MAKING PLANS FOR THE FUTURE
Different groups of people with disabilities may be affected differently by unemployment. When it comes to cerebral palsy, Ms Syafiqah, who is a national boccia player, thinks that “even though you’re disabled, you can do things normal people can do”.
She and Ms Roszana are among 20 or so riders in wheelchairs out of the 13,000 on the GrabFood platform.
That was something the Grab team did not foresee, however, when the app was built, admitted Head of GrabFood Singapore Lim Kell Jay.
“I wish we could say that we developed this platform specifically to empower delivery partners with disabilities. The reality is they made it work for themselves,” he said,
“In the new app, we’ll add that (wheelchair as a vehicle option) … We do need to cater for them.”
For its part, the company does not give them deliveries beyond 3 to 4 km. It plans to exclude areas that are not wheelchair-friendly, so that this group will not have to waste time rejecting orders.
“We gather feedback from them as well. It’s an ongoing process of labelling (the) areas,” explained Mr Lim, who is also Grab’s co-chief of staff to the CEO. “Once we build up this database, we’ll be able to be accurate.”
Mr Ali, who is all for a smaller delivery radius, still worries about his daughter’s safety when she is on the move, especially in bad weather.
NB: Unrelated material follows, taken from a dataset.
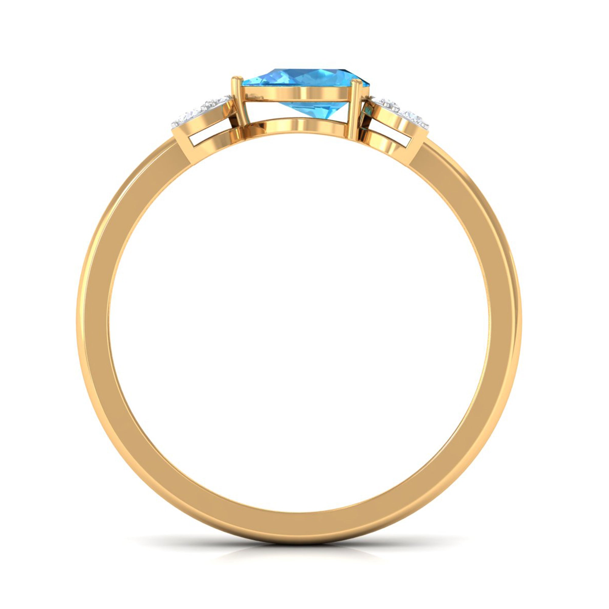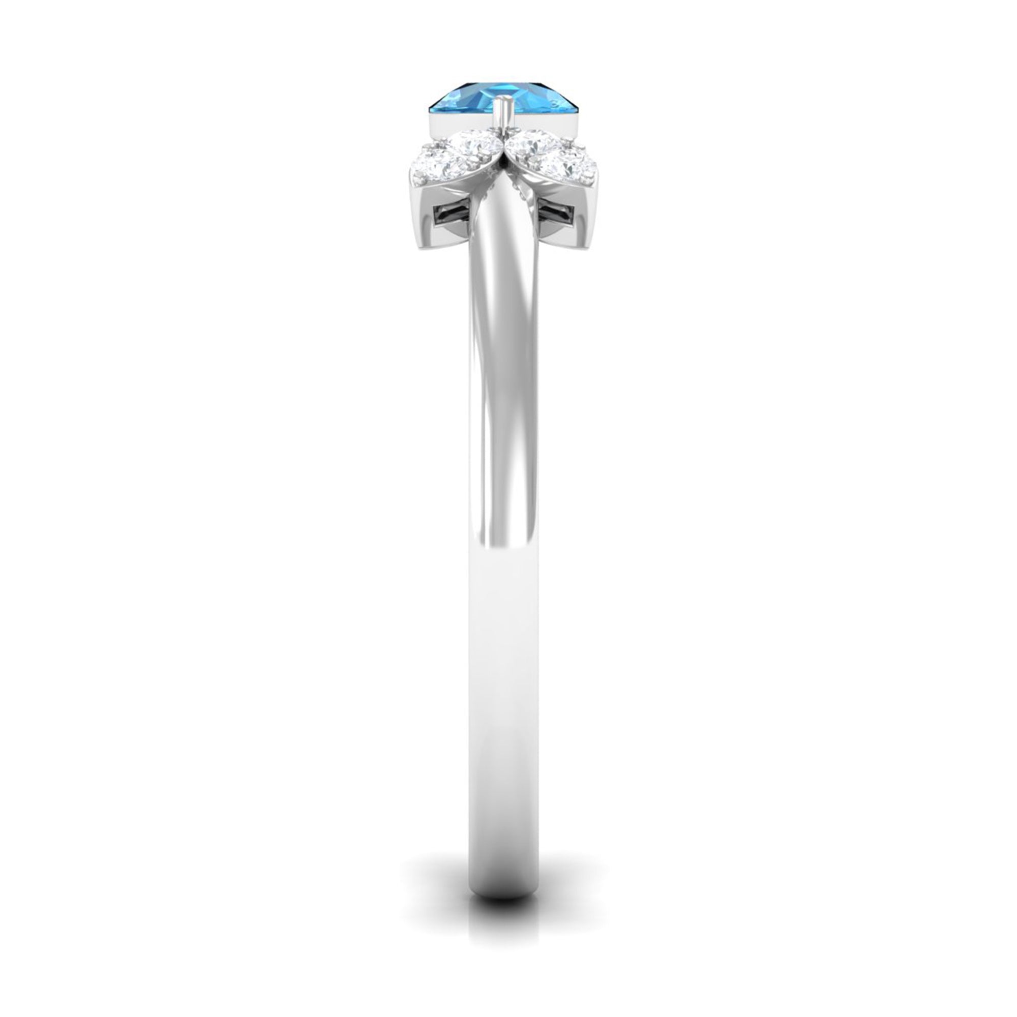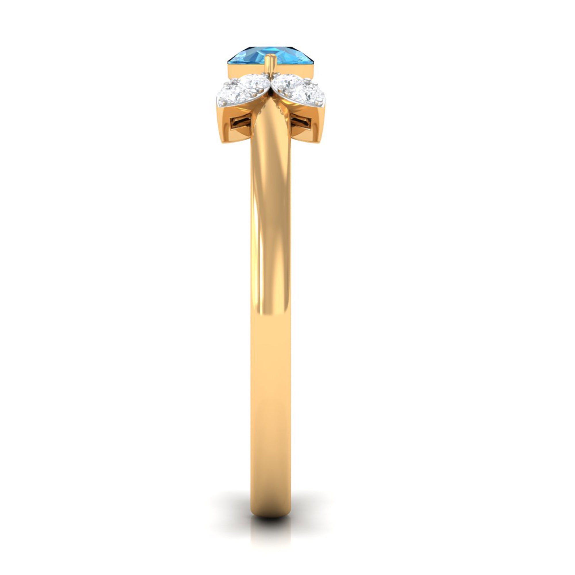 Minimal Swiss Blue Topaz Leaf Promise Ring with Diamond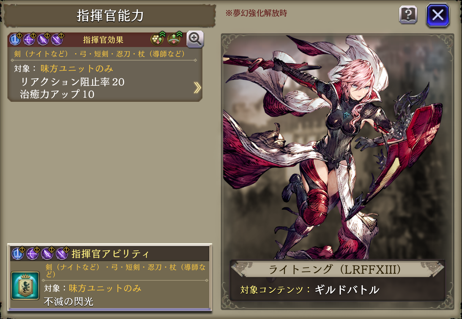 | ・味方の光属性ユニットのHP上限+10%・光属性アビリティ攻撃+15 ・自身の物理ダメージ軽減貫通+20・治癒力+15  |

But he is also thankful that she has got a job.
“I want to see Roszana healthy, and … whatever I wanted to see achieved has already been realised, now that she’s already smart (and independent),” he said. “She can now succeed, and … with her help, we get to eat.”
The family now receives S$850 through ComCare, as well as help with their utilities bill and service and conservancy charges.
But with Mr Ali and his wife unable to work because of health issues, he thinks they would have been in a “jam” if not for their daughter.
The job has also been beneficial to her in other ways. “Last time, I felt sad, very bored,” she said. “(Now) I’m very happy. It has changed me a lot. I can find money, help (my) parents.”
She has also found self-confidence and contentment, even if the kinds of benefits and stability that usually come with full-time employment are lacking. Her father, however, wants even more for her in future.
“If we have money from (withdrawing our) CPF savings, I’d like to open an eatery for her. Let her manage it,” he said.
Ms Roszana has a different dream. “I want to be a model,” she said with a smile. “I like dressing up … I like fashion.”